As to what constitutes exceptional circumstances was considered in the case of SOMO –V- REPUBLIC (1972) EA 476 (a case of persuasive authority to this court) where it was held that circumstances such as ………..”  That the appellant is of good character, that the appeal has been admitted for hearing, that the offence did not involve personal violence are not exceptional or unusual circumstances.  In both this Somo case and LAMBA –VS – R. (1958) E.A. 337, the court had thought that the most important issue to consider in applications of this nature is whether there are exceptional or unusual circumstances.  The DOMINIC KARANJA case (supra) has changed that view so that the issue of whether or not there are exceptional or unusual circumstances is only of minor consideration.

The reason why the courts have been reluctant to grant bail pending appeal as a mater of course came out from the judgment of HARRIS Jin the case of CHIMABHAI – VS – REPUBLIC(No. 2) (1971) EA 343 where the learned judge stated that:-

“It is manifest that the case of an appellant under sentence of imprisonment seeking bail lacks one of the strongest elements normally available to an accused person seeking bail before trial, namely that of the presumption of innocence, but nevertheless the law recognizes to an extent one time unknown, the possibility of the conviction being erroneous or the punishment excessive, a recognition which is implicit in the legislation creating a right of appeal in criminal cases.”

In light of the foregoing, what is the applicant’s position?  I shall first deal with ground (b) in support of the application and that is that the applicant will abide by the terms of the bail, if the same is granted as he did in the lower court.  This ground does not have any legs to stand on in view of the principles set out in the authorities that I have referred to above.

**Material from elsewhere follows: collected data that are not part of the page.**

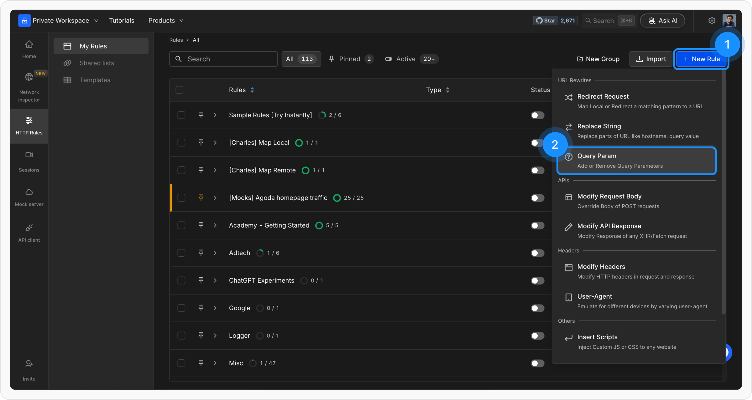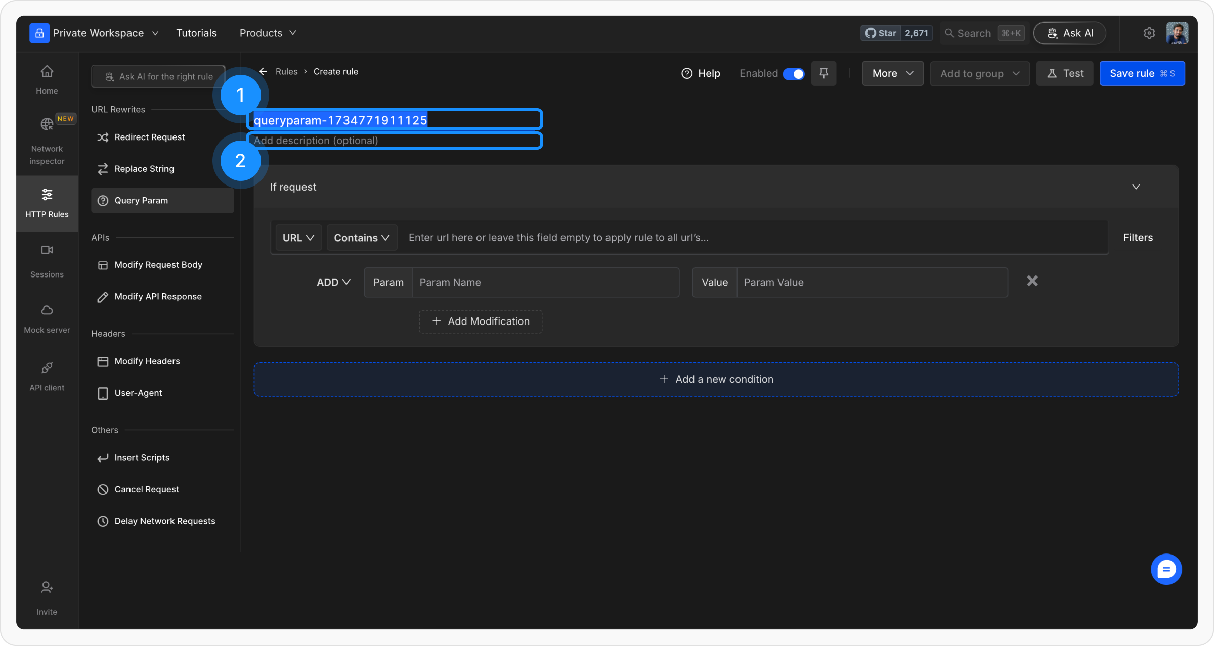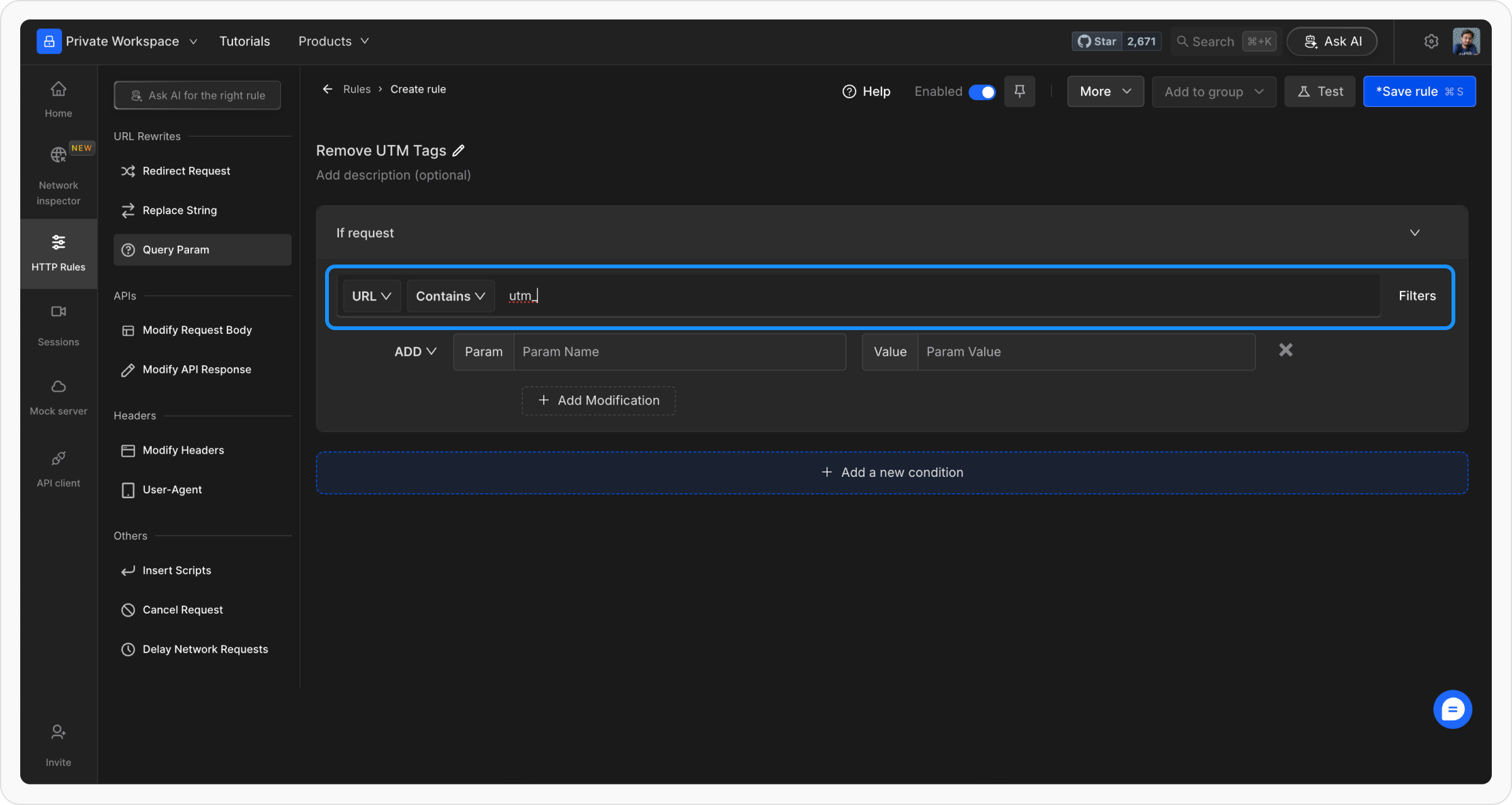 Navigate to the HTTP Rules section in the Requestly web or desktop app. Click on the + New Rule button and select Modify Query Params from the list of options.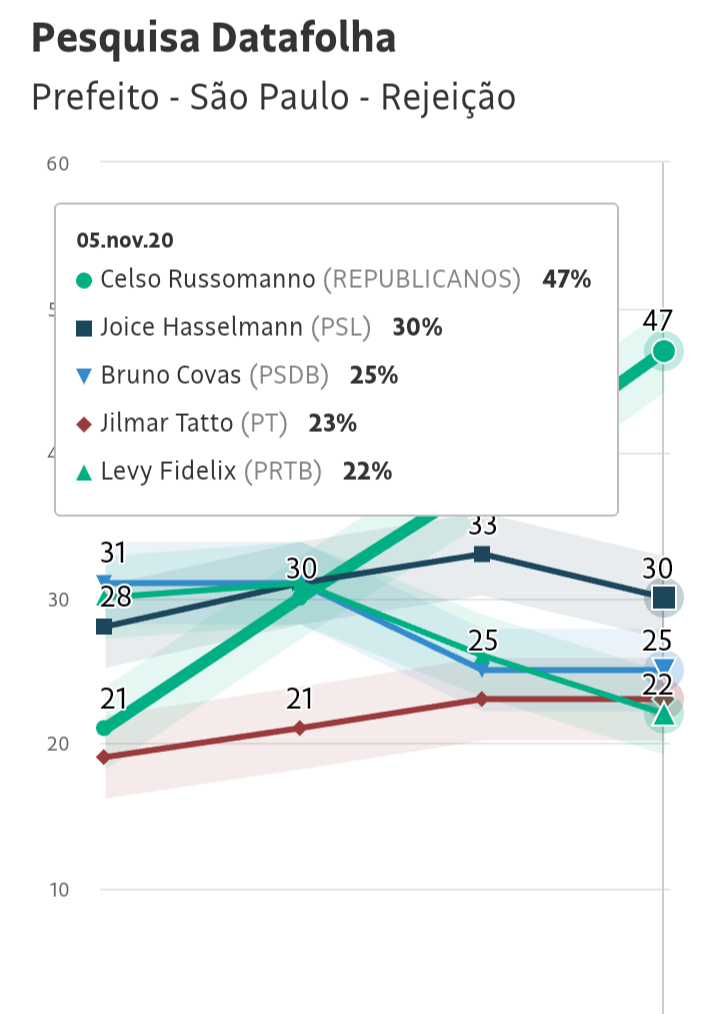 Em queda livre nas pesquisas, Celso Russomano é apoiado pelo presidente Jair Bolsonaro e aparece com 16% das intenções de voto. Além disso, o jornalista também viu seu índice de rejeição explodir para 47%.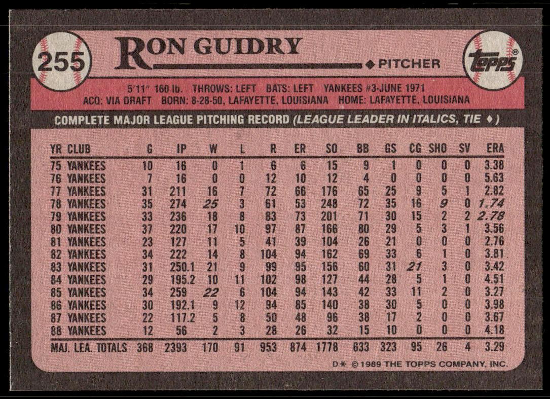 This Baseball card, from 1989 is part of the Topps  card set. Ron Guidry is featured and has a card number of 255.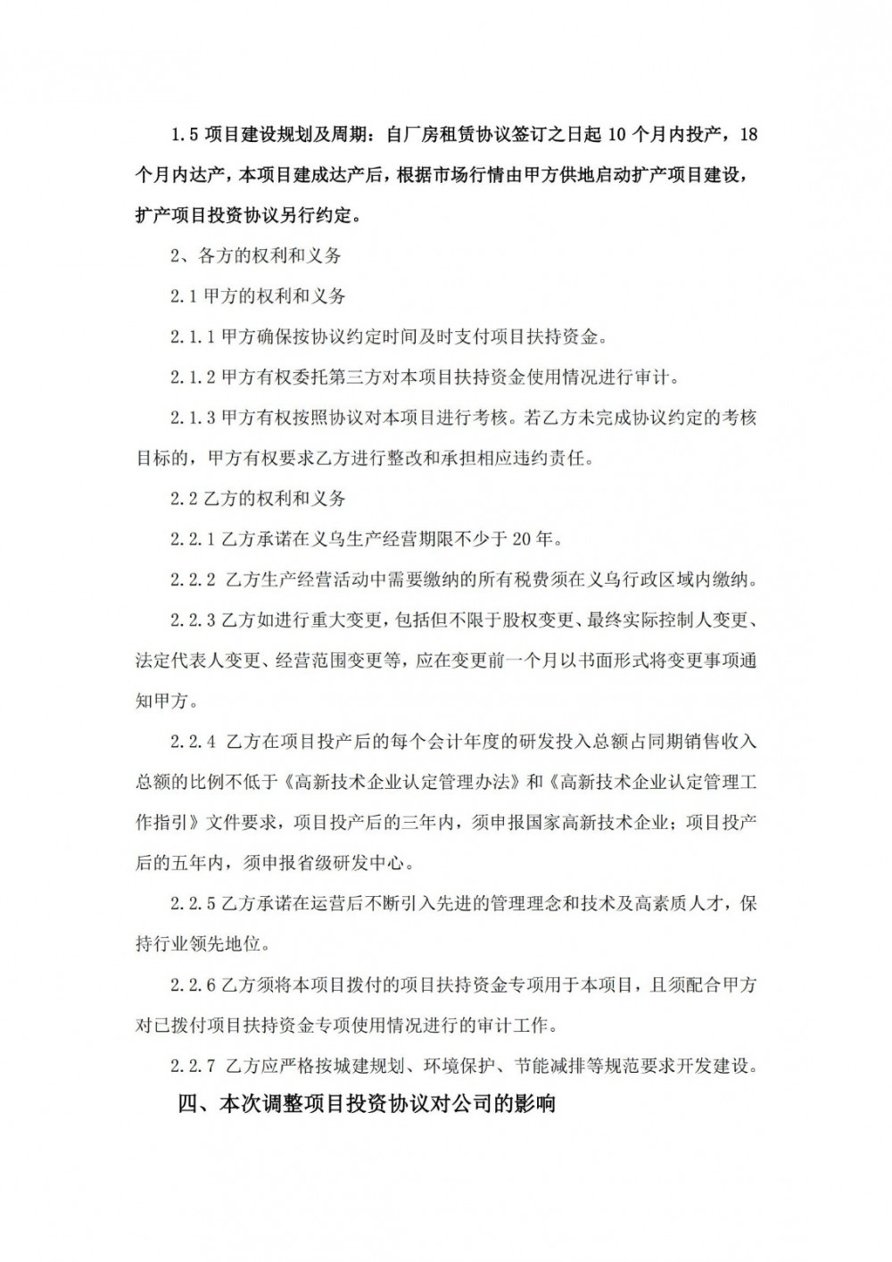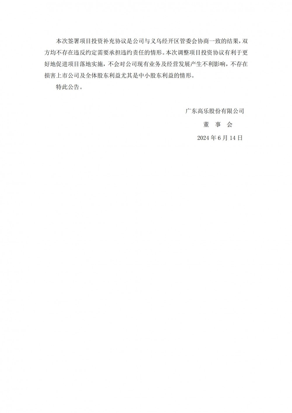 高乐股份表示,本次签署项目投资补充协议是公司与义乌经开区管委会协商一致的结果,双方均不存在违反约定需要承担违约责任的情形。本次调整项目投资协议有利于更好地促进项目落地实施,不会对公司现有业务及经营发展产生不利影响,不存在损害上市公司及全体股东利益尤其是中小股东利益的情形。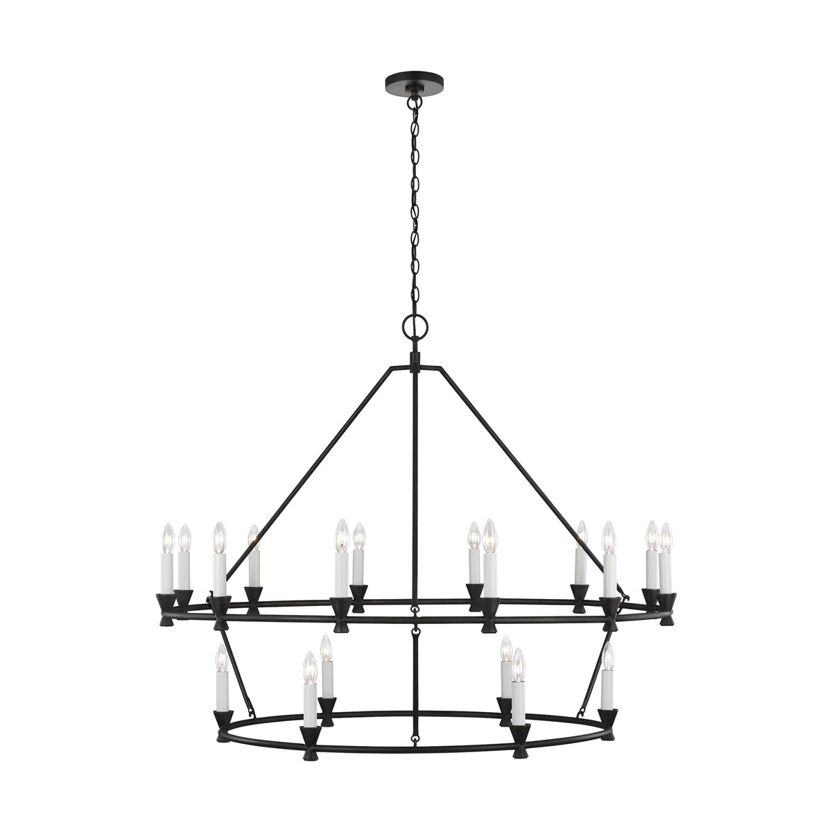 An exposed candelabra pairs with an angular, Aged Iron frame to ensure the Keystone family casts a warm and inviting glow. This series of chandeliers, sconces and pendants designed by Chapman & Myers for Generation Lighting features very detailed construction including bobesches supporting each candle tube. The chandeliers highlight the popular wagon wheel silhouette.

The other ground is that the appellant’s appeal has overwhelming chances of success.  I have perused the grounds of the Petition of Appeal and the submissions made to me by both counsels on the issue.  In Mr. Rimita’s view, this ground is premised mainly on the fact that the person who examined the complainant and thereafter proceeded to produce the P3 form was not a medical practitioner as defined by law.  To this Mr. Muteti contented that the position as stated by Mr. Rimita is not correct.  Without in any way getting into the merits of the appeal, I do not think that on the grounds set out in the Petition of Appeal it can be said that the applicant’s appeal has such overwhelming chances of success that there is no justification for depriving the applicant of his liberty.  For this reason, the application must fail.

The other minor consideration is whether the applicant’s appeal shall be rendered nugatory unless he is released on bail for the reason that by the time his appeal is heard he will have served either the whole or a substantial part of the sentence.  Taking all factors into account, it is more likely than not that by the time the appellant’s appeal is heard, he may have served a substantial part of his sentence.

In the result, and for the reason that the appellant’s appeal may not be heard within reasonable time the applicant’s application for bail pending appeal is allowed on the following conditions:-

The applicant shall execute a personal bond of Kshs. 300,000/= (three hundred thousand)

The applicant shall in addition to (1) above procure two sureties of Kshs. 300,000/= each.  The said sureties shall be approved by the Deputy Registrar in the normal manner.

The applicant shall report every Monday morning to the OCS Nchiru Police Station (or such other officer as the OCS may designate) until the hearing and final determination of Criminal Appeal No. 16 of 2006.

Orders accordingly.

Dated and delivered at Meru this 26th day of July, 2006.